Como quiera que el recurso es dirigido contra  una  sentencia  de  segunda  instancia  proferida  dentro  del trámite especial  previsto  por  el  artículo 37 del Código de Procedimiento Penal, se impone el  análisis   previo   del  interés  del  recurrente  para  acudir  a  esta  sede  extraordinaria,  dado  que  de  encontrarse ausente, cualquier consideración en  torno  a la idoneidad formal de la demanda resultaría inane de cara a los fines  para los cuales fue establecido el instituto.   

A  propósito  de  obtener una significativa  reducción  punitiva  en  relación  con  la que habría de corresponderle en el  fallo  de  seguirse el trámite ordinario, la jurisprudencia de esta Corte tiene  por  sentado,  que  el  procedimiento  abreviado,  establecido  bajo la forma de  sentencia  anticipada,  posibilita  al  reo  ejercer  la facultad de disponer de  parte  del  rito  y  renunciar  a  la  controversia fáctica y jurídica por los  hechos  punibles  que  le  han  sido imputados en la providencia que definió su  situación  jurídica o calificó el mérito del sumario, según la etapa en que  la  solicitud  sea presentada, para allanarse, expresa y libremente a los cargos  que  la  Fiscalía le formule, aceptando de esta manera su responsabilidad penal  por el hecho atribuido.        

    

Por   involucrar  este  procedimiento  la  voluntad  del  procesado  de  admitir sin condicionamiento alguno la imputación  delictiva  y  su  responsabilidad penal, la ley no estableció la posibilidad de  interponer  recursos  contra  el acta que contiene la acusación, ni un período  probatorio  posterior  que  pudiera  dar  lugar  a  confirmar  o  desvirtuar sus  soportes,  y  señaló  que  el  paso  siguiente  en  el  rito legal consistiera  solamente  en el proferimiento de la correspondiente sentencia de mérito por el  juez  competente,  contra  la cual puede ser ejercido el derecho de impugnación  por  el  Fiscal, el Ministerio Público, el procesado o su defensor, “aunque por  estos  dos  últimos sólo respecto de la dosificación de la pena, el subrogado  de  la  condena  de  ejecución  condicional,  y  la extinción de dominio sobre  bienes”        (C.        P.        P.        art.        37       B,       num.  4o.).           

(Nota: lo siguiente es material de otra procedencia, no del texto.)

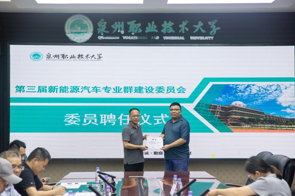 随后进行本次会议的第一项议程,为新聘任的新能源汽车专业群建设委员会主任、副主任以及委员颁发聘任书。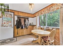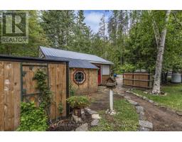 A quaint bungalow nestled on just over 2 forested acres awaits! This little gem has beautiful gardens, a fenced yard within the mature treed lot, wrap around deck and garden / storage sheds along with a detached garage, which features a workshop area too. The kitchen has been nicely refreshed and features a cozy dining area, all overlooking the forest. Primary bedroom has a walkout door to a future front patio - perfect for morning coffee! An unfinished basement with walkout offers opportunity for improvement and additional living space. This is a great starter home, ideal for those downsizing or for the nature enthusiast looking for a weekend retreat in Muskoka. The homeowner has created beautiful trails through the forest with a charming bridge across a tranquil little creek and thoroughly enjoys walking and dirt biking here. Come have a look at this home, see the lovingly maintained gardens and enjoy a stroll through the woods while you're considering this one! (id:61594)

En tratándose de las sentencias proferidas  dentro  del  trámite abreviado, la jurisprudencia ha precisado que los aspectos  respecto  de  los  cuales  puede  ser  interpuesto  el  recurso  de  apelación,  condicionan   igualmente   la   interposición  del  recurso  extraordinario  de  casación,  “el  cual  no puede ser utilizado para desconocer el hecho cierto de  la  responsabilidad  penal  voluntariamente  aceptada  que  el  procesado tenía  posibilidad  de  haber rechazado y, sin embargo, no lo hizo” (Auto Julio 2/97 M.  P. Dr. ARBOLEDA RIPOLL)   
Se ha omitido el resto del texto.